Thursday, November 11, 2010
If you know anyone who still doesn't understand that electricity costs more than what Duquesne Light bills you, take them to see this movie. It screens Sat., Nov. 20, as part of the Three Rivers Film Festival.
The fast-paced 52-minute documentary explores the impact of coal-mining in one place: Wise County, in southwest Virginia.
Over the years, one-quarter of the county's land has been strip-mined. The practice has polluted streams and destroyed old-growth forest. And, through mountaintop-removal mining, it's blown hundreds of feet off Appalachian peaks and deposited the rubble into stream valleys, all to get at the tasty coal inside.
Working with a wealth of old industrial films and other vintage footage, director Tom Hansell (of Kentucky's venerable arts nonprofit Appalshop) frames a case study in America's seemingly insatiable appetite for electricity.
The line of inquiry goes directly from a bombed mountain to your toaster: Coal accounts for nearly half of America's electricity. Yet the demand is fueled not only by consumerism but also the greed of coal companies and power companies.
The film follows the controversy over energy giant Dominion Power's proposal to build a new $1.8 billion coal-fired power plant -- also raising for local residents the specter of additional airborne pollutants, like soot and mercury.
Hansell focuses on just a few talking heads. The most riveting is Kathy Selvage, a Wise County activist from a coal family who's seen firsthand the damage mining does the land.

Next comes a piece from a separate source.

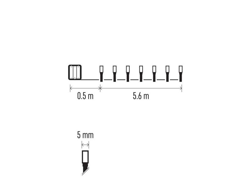 termék: lánc, fény színe: meleg fehér, méretek: 5,6 m, használat: kültéri és beltéri, időzítő, távvezérlő: nem, funkció: világít, tápellátás típusa: elem (3× AA), forma: klasszikus, LED-ek száma: 80, LED-ek közötti távolság: 7 cm, LED mérete: 5 mm, tápvezeték hossza: 0,5 m, a fa magasságához: nincs megadva, kábel színe: fekete, fogyasztás: 0,9 W, kimeneti feszültség: 4,5 V DC, csatlakoztatási lehetőség: nem, védettség: IP44, élettartam: 10 000 óra, anyag: PVC, garancia-időszak: 2 év, értékesítési csomagolás: 1 db, doboz
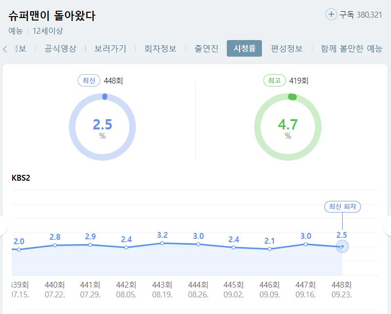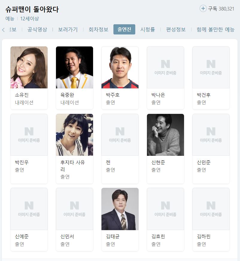 슈퍼맨이 돌아왔다 보러가기 재방송 지난회 무료 다시보기 방송시간 출연진 시청률 정보

"We could live without electricity," Selvage says at one point. "But could we live without clean air, clean water?"
Others interviewed include Dominion officials, a history professor and an attorney from an environmental group.
The film is especially good at emphasizing that despite industry's promise of "good jobs," the coalfields invariably stay poor, and are left with a poisoned environment for their trouble. Hansell also effectively debunks industry hoo-ha about "clean coal."
Still think all this hasn't much to do with Pittsburgh? Well, federal estimates say we get about 80 percent of our electricity here from coal, well above the national average. And Hansel (in an e-mail) says much of the coal our power plants burn comes from Wise County, Va.
The Electricity Fairy screens at 7 p.m. Sat., Nov. 20, at Pittsburgh Filmmakers' Melwood Screening Room, 477 Melwood Ave., North Oakland (www.pghfilmmakers.org). Hansell will attend the screening.